• EXERCISE INPUT:

★ ★ ★ ★ ★ ★ ★

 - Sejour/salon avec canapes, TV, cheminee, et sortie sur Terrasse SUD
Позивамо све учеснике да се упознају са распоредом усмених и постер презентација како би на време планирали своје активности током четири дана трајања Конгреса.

★ ★ ★ ★ ★ ★ ★

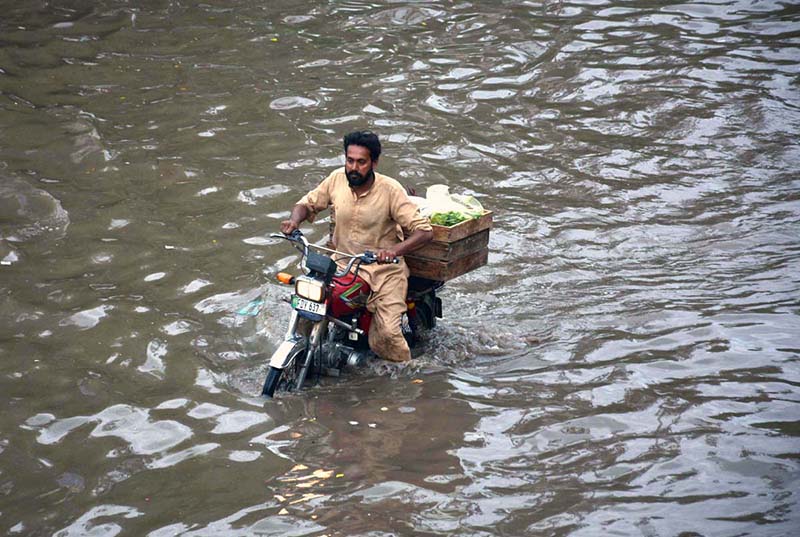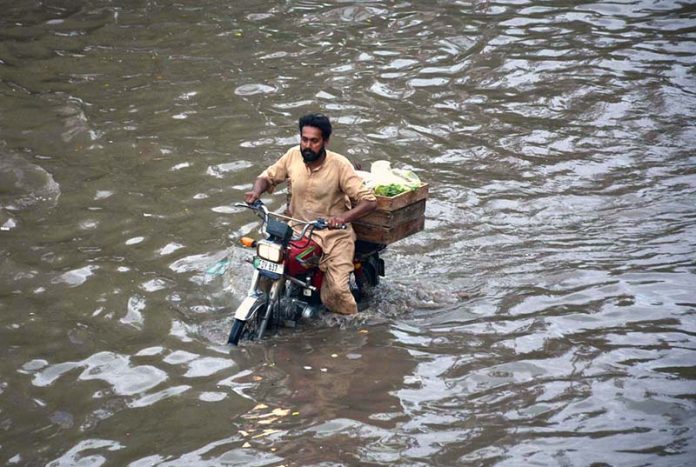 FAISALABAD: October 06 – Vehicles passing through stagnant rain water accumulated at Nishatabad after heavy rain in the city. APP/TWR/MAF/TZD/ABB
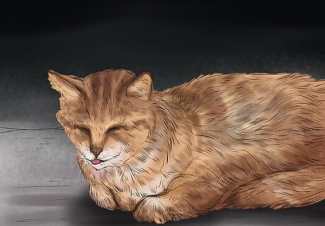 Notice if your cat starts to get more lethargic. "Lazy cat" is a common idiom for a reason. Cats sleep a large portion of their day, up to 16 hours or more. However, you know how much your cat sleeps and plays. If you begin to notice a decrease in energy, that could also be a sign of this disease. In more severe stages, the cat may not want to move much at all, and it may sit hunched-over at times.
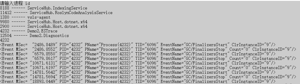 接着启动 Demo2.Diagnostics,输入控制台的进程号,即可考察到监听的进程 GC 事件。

★ ★ ★ ★ ★ ★ ★

Quote the listing above, but only from the line that shows "- Sejour/salon avec" through the line that shows "Позивамо све учеснике".

• RESPONSE TO THIS EXERCISE:
 - Sejour/salon avec canapes, TV, cheminee, et sortie sur Terrasse SUD
Позивамо све учеснике да се упознају са распоредом усмених и постер презентација како би на време планирали своје активности током четири дана трајања Конгреса.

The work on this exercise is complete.